Everyone looked at Balenger for guidance.

He felt helpless. "In the Rangers, explosives weren't my specialty."

"But you must have had some training in them," Amanda said.

"Not enough." Balenger crossed toward the metal box.

Behind him, he heard Tod ask, "How come the shutters on the windows are so small?"

"We told you Carlisle was agoraphobic," Vinnie said. "Open spaces terrified him. He never left the hotel."

Except once, Balenger thought, remembering that the old man shot himself on the beach.

"The only views he could have tolerated," Cora said, "were through small windows."

"What a nutjob." Tod shifted several vials, examining them. "Never heard of some of this stuff."

"They're blood-clotting agents," Vinnie said.

"Not this one. It's morphine. Did he like to shoot up?"

"Carlisle needed it for the pain when blood seeped into his joints."

"Into his joints? Now I've heard everything. The label on the morphine's from 1971." Tod looked tempted to put it in his pocket, then thought better. "Stuff probably doesn't work anymore. It's probably poison by now."

Balenger unzipped his Windbreaker and shoved the pistol into his shoulder holster. Kneeling, he studied the wires connected to the lever hooked over the trapdoor. "You might want to be in another room while I do this."

They didn't move.

Except Tod. "Guess I'm the only one with the brains to take cover." He went into the bedroom.

"If that thing blows up, I have a feeling it won't make a difference where we are," Cora said.

Vinnie knelt beside him. "Besides, how can we help if we don't see what you're doing?"

Balenger gave them a look of respect, then held his breath and pulled the wires from plugs on the lever. He exhaled and gently lifted the box's lid.

They peered over his shoulder.

"Plastic explosive." Balenger managed to keep his voice calm. "The detonator's pushed into a block of the stuff."
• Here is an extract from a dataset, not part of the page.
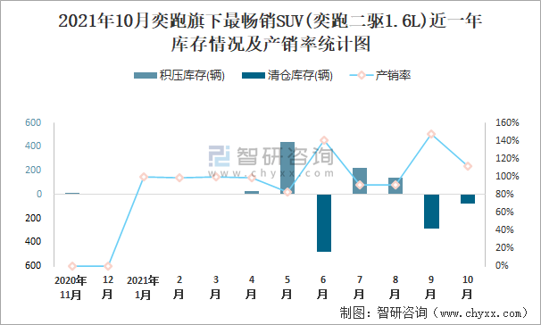 2021年10月奕跑旗下最暢銷SUV(奕跑二驅1.6L)近一年庫存情況及產銷率統計圖

"The thing that looks like a short pencil, is that the detonator?" Cora asked.

"Yes. There's some kind of electronic device hooked to it. When the trapdoor rises, it flips the lever and brings these wires in contact with another pair of wires. That closes a battery-driven circuit and triggers the detonator."
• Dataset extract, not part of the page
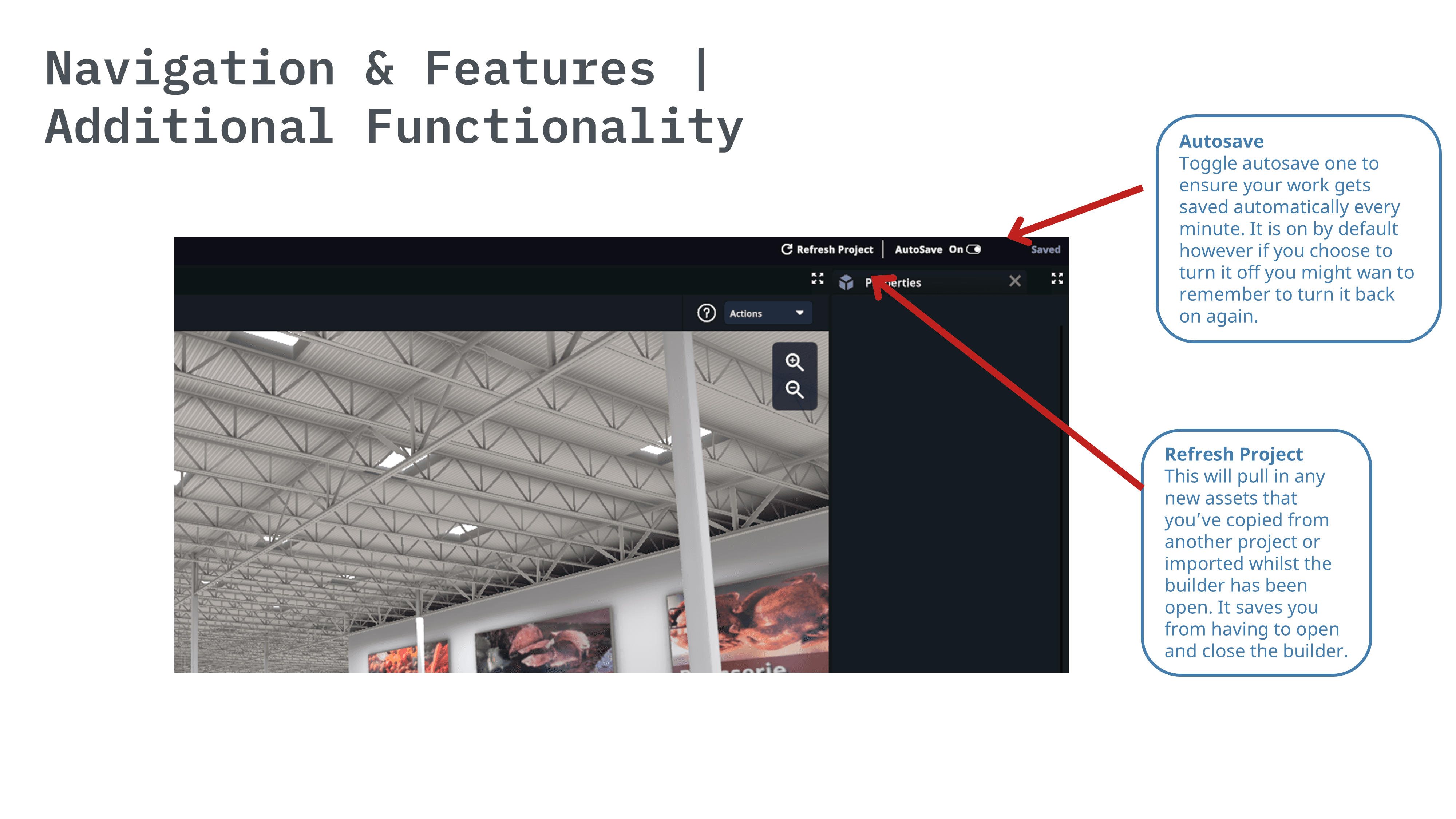 AutoSave | Refresh Project | Zoom In/Out | Switch between 2D and 3D | Reset View

"Can the electronic device be activated by remote control?" Vinnie asked.

"Don't know. It might also be programmed to blow up if anybody cuts the wires. The simplest tactic…" Balenger steadied himself. "… is to pull the detonator from the block of explosive."
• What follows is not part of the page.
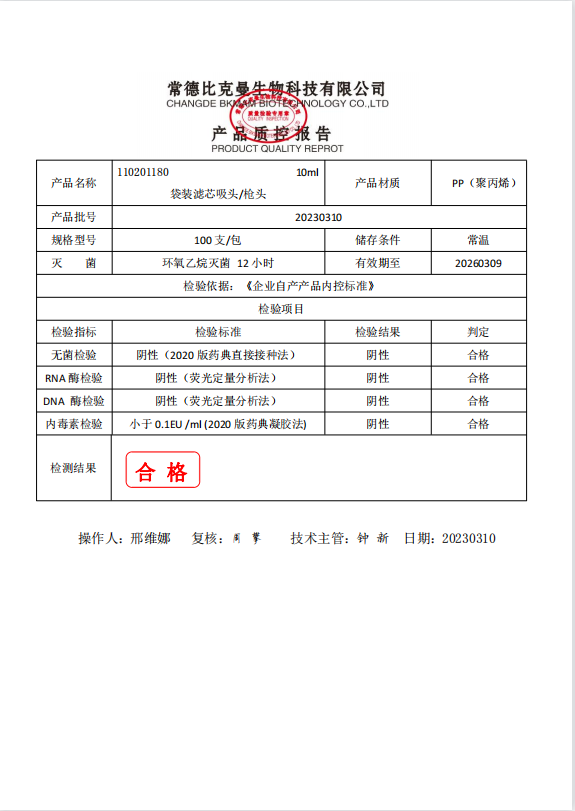 110201180 bkmamlab 袋裝濾芯吸頭槍頭 10ml 100支袋 20230310
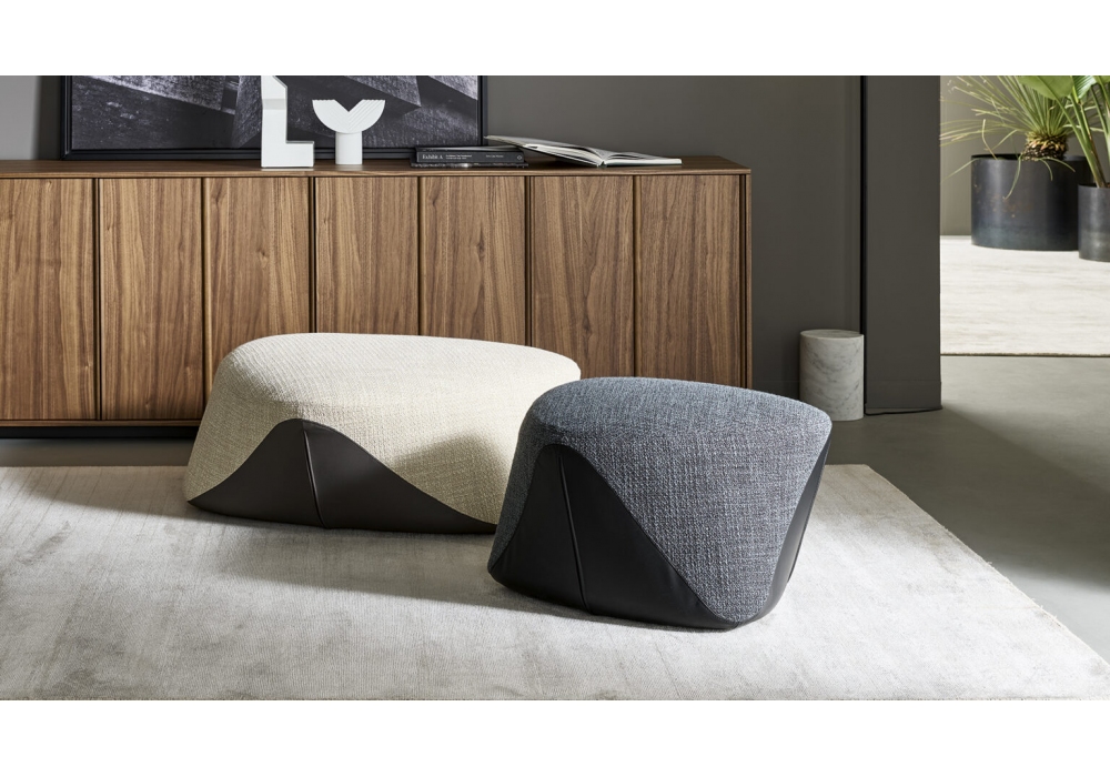 Seki designed by Marconato and Zappa for Bonaldo is a pouf with non-removable fabric cover and leather insert in the lower part. Available in two sizes.

"Maybe motion also sets it off," Vinnie said.

"Then we're back to where we started, and we wait to see if Ronnie can trigger these bombs from a distance."

"Damned if we do, damned if we don't," Vinnie said.

"We're damned, all right," Amanda said.

Balenger wiped sweat from his brow. He reached into the metal box, then hesitated and took off his gloves. Again, he reached into the box. Thunder made him flinch. Working to control his trembling fingers, he gently pulled the detonator out. He lifted the block of explosive from the box-it felt like putty-and set it a distance away.

Vinnie stepped back. "Isn't that dangerous to move?"

"You mean like nitroglycerin and the slightest jolt blows it up? No." Balenger dried his palms on his jeans. "Plastic explosive's stable. You can pound it with a hammer. You can throw it against a wall. You can hold a lit match against it. The stuff won't go off unless there's a preliminary explosion with enough heat to do the job." He pointed toward the block he'd put aside. "Right now, that's one of the least dangerous things in this hotel."